- Born: Richard Ashby Robison January 10, 1933 Fillmore, Utah, U.S.
- Died: April 24, 2026 (aged 93) Overland Park, Kansas, U.S.
- Education: Brigham Young University University of Texas at Austin
- Occupation: Paleontologist
- Spouse(s): Joleen Ashman ​ ​(m. 1953; died. 1994)​ Mary Meitl Pfortmiller ​ ​(m. 1996)​

= Richard A. Robison =

American paleontologist (1933–2026)

Richard Ashby Robison (January 10, 1933 – April 24, 2026) was an American paleontologist.

== Life and career ==
Robison was born in Fillmore, Utah, the son of Aaron Wayne Robison and Fern Ashby.
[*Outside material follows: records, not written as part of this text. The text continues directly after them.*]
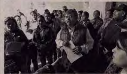
Exigen 716 paquetes de material para la construcción.

Una comisión no mayor a 50 antorchistas se dio cita en la Presidencia Municipal para dar a conocer los pendientes, los retrasos y para formular las obras de este año.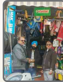
दशमेश ऑटो पार्ट्स एंड सर्विस सेंटर, बरेली, उत्तर प्रदेश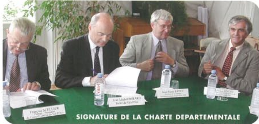
SIGNATURE DE LA CHARTE DEPARTEMENTALE

« L'eau fait partie du patrimoine commun de la nation. Sa protection, sa mise en valeur et le développement de la ressource utilisable, dans le respect des équilibres naturels, sont d'intérêt général ». Tel est l'article 1er de la loi n°92-3 du 3 janvier 1992 sur l'eau, qui fait maintenant partie intégrante du code de l'environnement. Le 4 juillet 2002, la Commune d'Asnières-sur-Oise a reçu les plus hautes personnalités du département à l'occasion de la signature de la Charte départementale pour l'instauration des périmètres de protection des captages sur les points d'eaux souterraines destinées à l'alimentation en eau potable du département du Val d'Oise.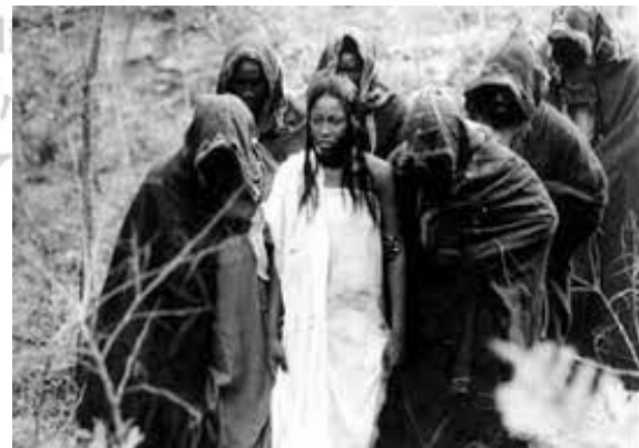
Perquisition du domicile des Penda suivie de leur arrestation. [1] Sia en train d'être conduite vers la grotte de la mort. [2]

Par ailleurs, la femme est présentée dans cet espace filmique comme une amazone, une guerrière qui joue le rôle de précurseur des luttes pour la défense de la liberté d'expression et des libertés collectives. Elle a tendance à user de tous les moyens à sa disposition pour aboutir à la nécessaire émancipation des peuples évoluant dans une société égalitaire fort humanisée. Dans le film Guimba , Sadjo asservie et dépersonnalisée par Guimba le tyran a finalement participé à la déstabilisation de dictateur. Orgueilleusement habillée, elle a dû user de ses appas, son charme et ses rondeurs, pour troubler et appâter son ancien maître. Elle paraissait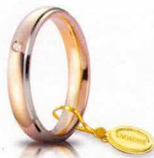
Comoda oro rosa bordi bianchi rodiati 4 mm ct. 0.03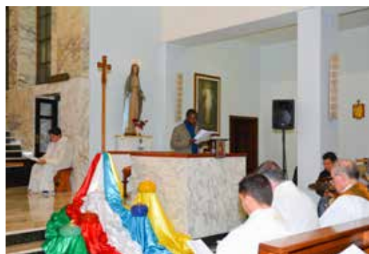
La Veglia missionaria a Sant'Elia

He attended Brigham Young University, earning his BS degree in 1957 and his MS degree in 1958. He also attended the University of Texas at Austin, earning his PhD degree in geology in 1962.

Robison served as a professor in the department of geology at the University of Kansas from 1974 to 1998. During his years as a professor, in 1974, he was named the Gulf-Hedberg Distinguished Professor of Geology.

== Personal life and death ==
Robison was married twice. In 1953, he married Joleen Ashman. Their marriage lasted until her death in 1994. After the death of his first wife, he then married Mary Meitl Pfortmiller in 1996. His second marriage lasted until his death in 2026.

Robison died in Overland Park, Kansas on April 24, 2026, at the age of 93.